Samedi matin 1er novembre Samba David, coordonnateur de la Coalition des Indignés de Côte d’Ivoire, a été arrêté avec trois de ses amis, passé à tabac puis amené au commissariat par les forces armées ivoiriennes. Tout cela est arrivé alors qu’il s’apprêtait à prendre la parole à un meeting prévu et autorisé par le maire de la commune de Yopougon, puis interdit à la dernière minute par le ministère de l’intérieur pour raison d’instabilité au Burkina-Faso voisin selon les responsables de la police présents.

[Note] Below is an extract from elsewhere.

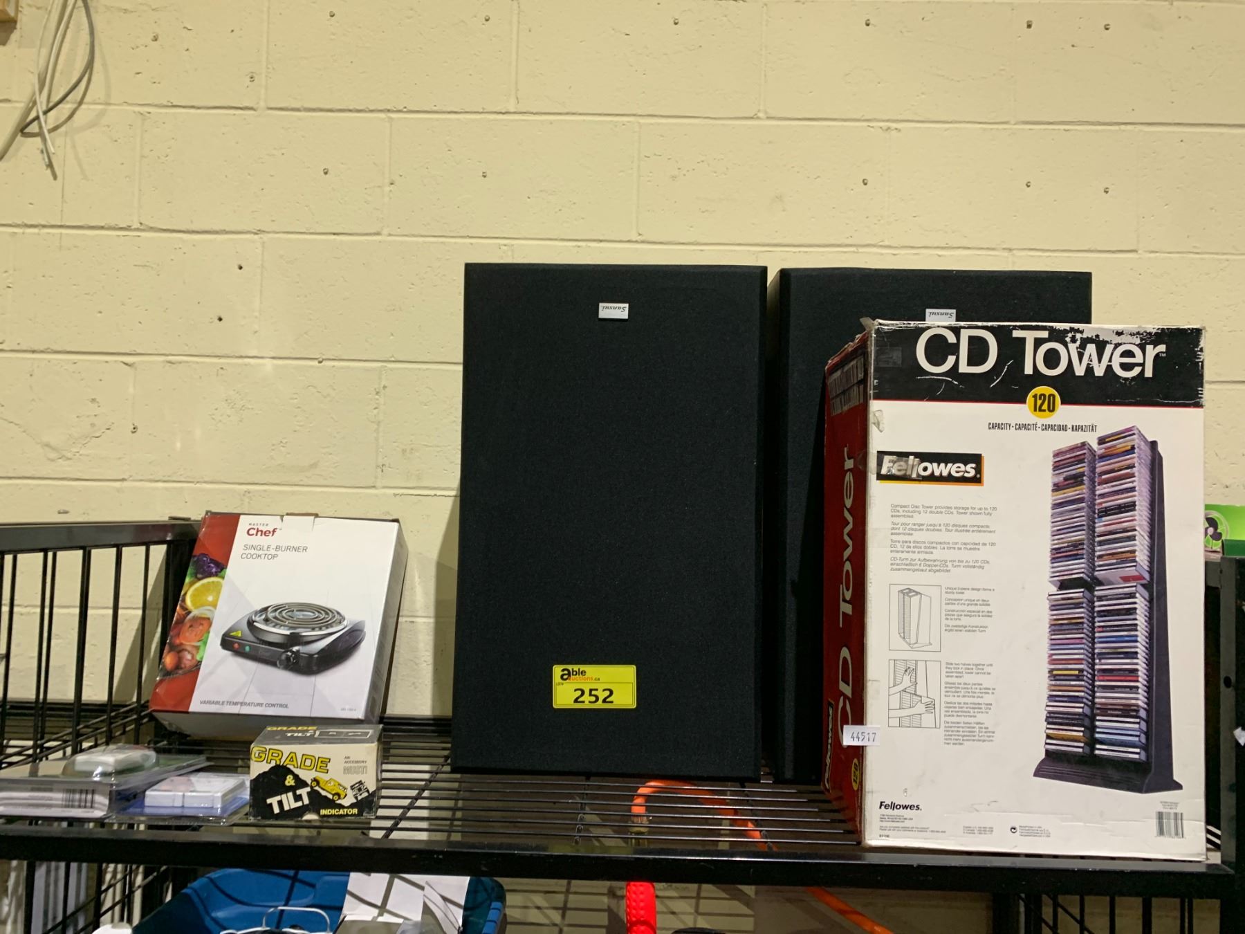 MASTER CHEF SINGLE BURNER COOKTOP, CD TOWER, PAIR OF SANSUI SPEAKERS AND MORE

Auditionnés à nouveau de 23 heures à 6 heures du matin au commissariat du 16eme arrondissement de yopougon où ils ont passé la nuit,le camarade Samba David et ses trois (3) collaborateurs passeront à nouveau devant un juge ce matin au tribunal de Yopougon.
Pour rappel,le Youan Hubert,substitut du procureur avait estimé hier que les éléments en sa possession ne lui permettait pas de déférer les quatre (4) membres de la Coalition des Indignés de Côte d’Ivoire(CICI),il fallait donc les ramener au commissariat du 16eme arrondissement pour compléments de preuves.
Il est imperieux pour le peuple de prendre ses responsabilités face à cette injustice qui prévaut dans notre pays,et nous en appelons à la responsabilité des partis dit d'opposition dont le mutisme et la passivité font d'eux complices de la souffrance des ivoiriens.

Ces brutalités et arrestations arbitraires, notamment envers des acteurs politiques et du mouvement social, sont malheureusement monnaie courante en Côte d’Ivoire. Dans ce pays il y a des centaines de personnes en détention ou en liberté provisoire pour des raisons politiques.

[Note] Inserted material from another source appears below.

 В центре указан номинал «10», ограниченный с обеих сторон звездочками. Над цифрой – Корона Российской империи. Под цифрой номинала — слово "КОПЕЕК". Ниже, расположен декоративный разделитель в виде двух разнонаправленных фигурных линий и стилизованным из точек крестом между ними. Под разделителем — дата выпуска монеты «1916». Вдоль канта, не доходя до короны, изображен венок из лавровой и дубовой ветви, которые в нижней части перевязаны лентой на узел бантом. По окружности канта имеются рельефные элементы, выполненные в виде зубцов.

Au vu du très important mouvement populaire et social en cours au Burkina Faso qui a fait chuter Blaise Compaoré et dans lequel le « Balai Citoyen » est pleinement partie prenante, l’arrestation du dirigeant des Indignés de Côte d’Ivoire prend un relief particulier.

Le pouvoir d’Alassane Ouattara doit immédiatement libérer Samba David et plus généralement tous les prisonniers d’opinion.

A l’heure où le peuple burkinabé tente de se débarrasser du joug des forces de la réaction, le pouvoir ivoirien serait bien inspiré de changer d’attitude et de politique au lieu de continuer de prendre des mesures liberticides et de servir de lieu de refuge à l’ancien autocrate et déstabilisateur d’Afrique de l’Ouest, Blaise Compaoré. La présence de ce dernier risque fort d’être perçu en Côte d’Ivoire comme au Burkina Faso comme un facteur de déstabilisation pour les deux pays.